What you have to do: Each record, minus any picture, should be returned exactly as written.

(Data supplied)

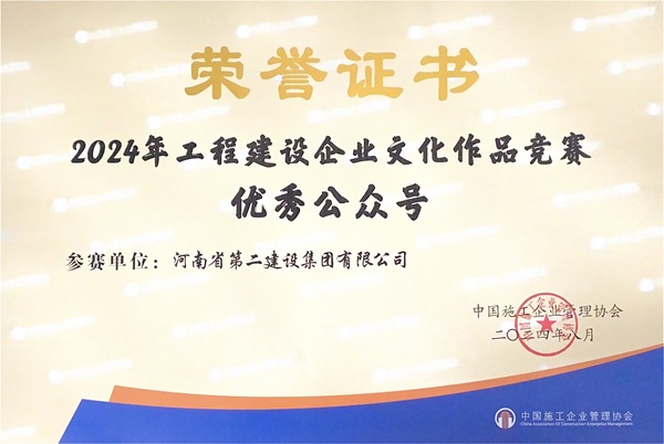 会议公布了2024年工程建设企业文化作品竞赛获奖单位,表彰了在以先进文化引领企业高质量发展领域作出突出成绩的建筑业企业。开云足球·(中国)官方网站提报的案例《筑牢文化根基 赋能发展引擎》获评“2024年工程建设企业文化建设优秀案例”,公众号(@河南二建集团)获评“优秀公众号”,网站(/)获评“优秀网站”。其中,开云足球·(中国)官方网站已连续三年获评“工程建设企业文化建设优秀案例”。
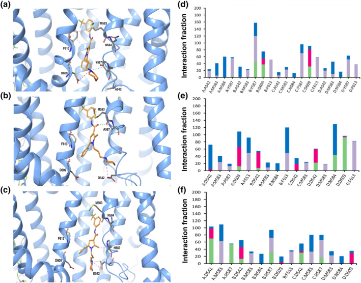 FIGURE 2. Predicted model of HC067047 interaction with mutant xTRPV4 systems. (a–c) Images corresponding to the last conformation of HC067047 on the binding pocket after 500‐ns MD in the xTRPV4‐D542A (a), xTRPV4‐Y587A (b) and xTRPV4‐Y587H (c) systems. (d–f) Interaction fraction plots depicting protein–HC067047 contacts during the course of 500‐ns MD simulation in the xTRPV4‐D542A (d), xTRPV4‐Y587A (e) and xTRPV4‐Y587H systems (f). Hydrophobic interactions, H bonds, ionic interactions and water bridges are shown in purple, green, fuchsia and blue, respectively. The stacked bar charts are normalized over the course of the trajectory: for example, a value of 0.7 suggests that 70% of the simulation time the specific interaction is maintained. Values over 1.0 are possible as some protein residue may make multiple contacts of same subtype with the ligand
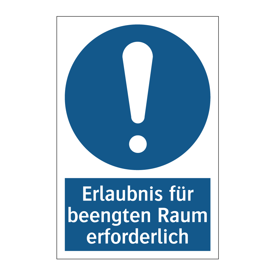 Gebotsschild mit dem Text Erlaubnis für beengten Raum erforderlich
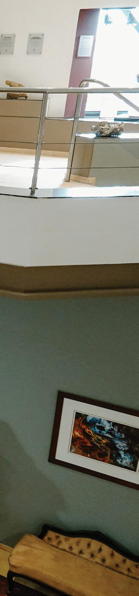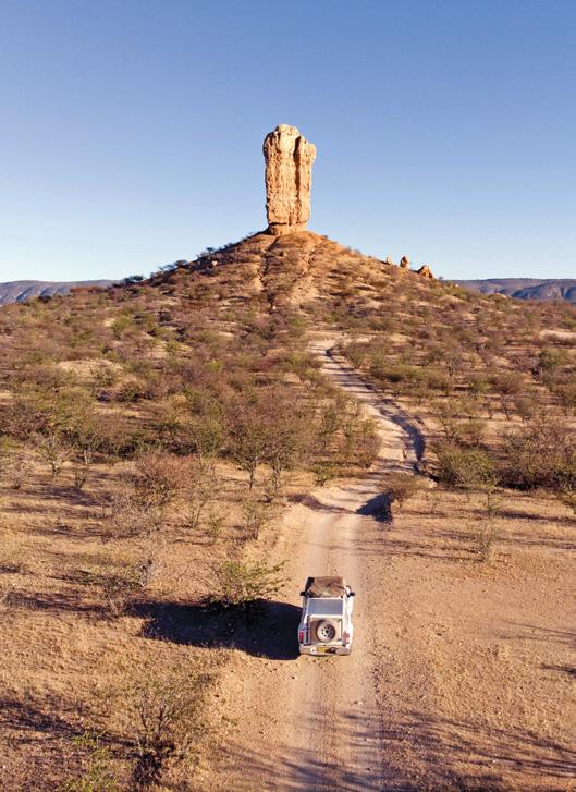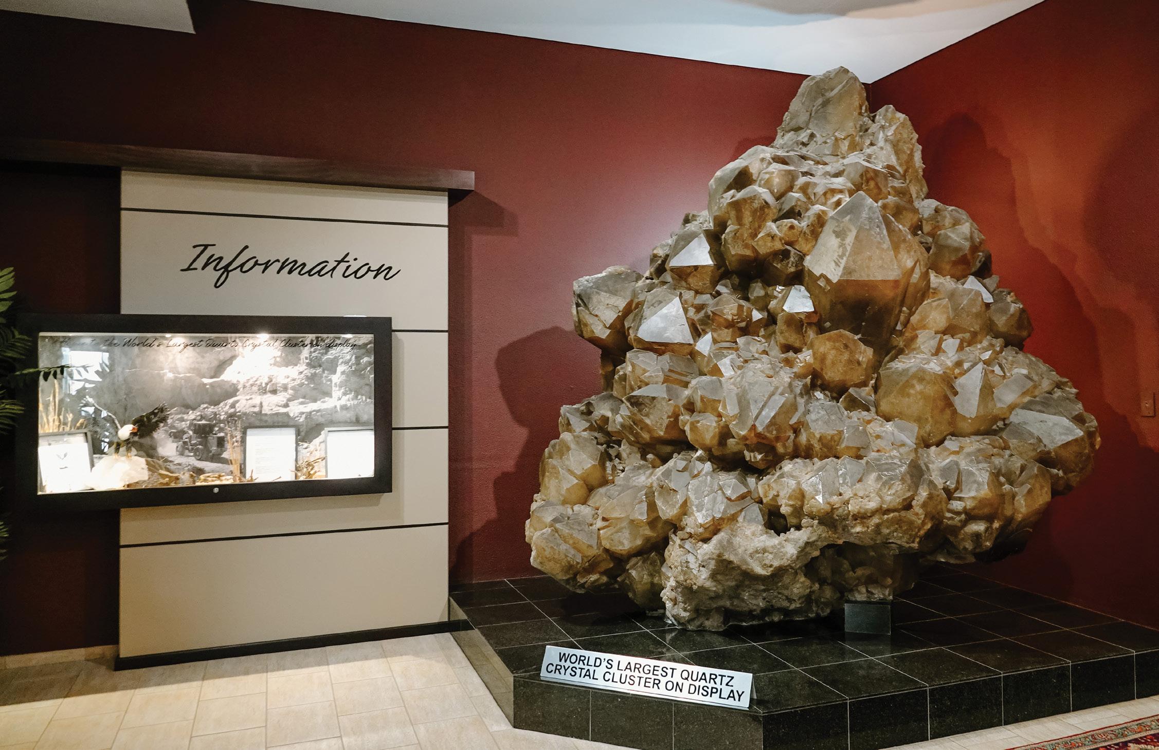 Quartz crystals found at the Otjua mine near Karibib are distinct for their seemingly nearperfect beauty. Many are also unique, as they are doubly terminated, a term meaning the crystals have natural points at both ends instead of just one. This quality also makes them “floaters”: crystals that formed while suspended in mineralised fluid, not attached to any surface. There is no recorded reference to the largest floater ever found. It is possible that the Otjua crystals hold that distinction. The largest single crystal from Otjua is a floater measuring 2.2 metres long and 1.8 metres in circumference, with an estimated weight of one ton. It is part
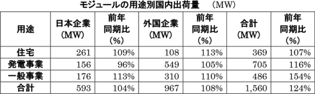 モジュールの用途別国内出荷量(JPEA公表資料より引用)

(End Data supplied)

Exercise response:
 会议公布了2024年工程建设企业文化作品竞赛获奖单位,表彰了在以先进文化引领企业高质量发展领域作出突出成绩的建筑业企业。开云足球·(中国)官方网站提报的案例《筑牢文化根基 赋能发展引擎》获评“2024年工程建设企业文化建设优秀案例”,公众号(@河南二建集团)获评“优秀公众号”,网站(/)获评“优秀网站”。其中,开云足球·(中国)官方网站已连续三年获评“工程建设企业文化建设优秀案例”。
 FIGURE 2. Predicted model of HC067047 interaction with mutant xTRPV4 systems. (a–c) Images corresponding to the last conformation of HC067047 on the binding pocket after 500‐ns MD in the xTRPV4‐D542A (a), xTRPV4‐Y587A (b) and xTRPV4‐Y587H (c) systems. (d–f) Interaction fraction plots depicting protein–HC067047 contacts during the course of 500‐ns MD simulation in the xTRPV4‐D542A (d), xTRPV4‐Y587A (e) and xTRPV4‐Y587H systems (f). Hydrophobic interactions, H bonds, ionic interactions and water bridges are shown in purple, green, fuchsia and blue, respectively. The stacked bar charts are normalized over the course of the trajectory: for example, a value of 0.7 suggests that 70% of the simulation time the specific interaction is maintained. Values over 1.0 are possible as some protein residue may make multiple contacts of same subtype with the ligand
 Gebotsschild mit dem Text Erlaubnis für beengten Raum erforderlich
 Quartz crystals found at the Otjua mine near Karibib are distinct for their seemingly nearperfect beauty. Many are also unique, as they are doubly terminated, a term meaning the crystals have natural points at both ends instead of just one. This quality also makes them “floaters”: crystals that formed while suspended in mineralised fluid, not attached to any surface. There is no recorded reference to the largest floater ever found. It is possible that the Otjua crystals hold that distinction. The largest single crystal from Otjua is a floater measuring 2.2 metres long and 1.8 metres in circumference, with an estimated weight of one ton. It is part
 モジュールの用途別国内出荷量(JPEA公表資料より引用)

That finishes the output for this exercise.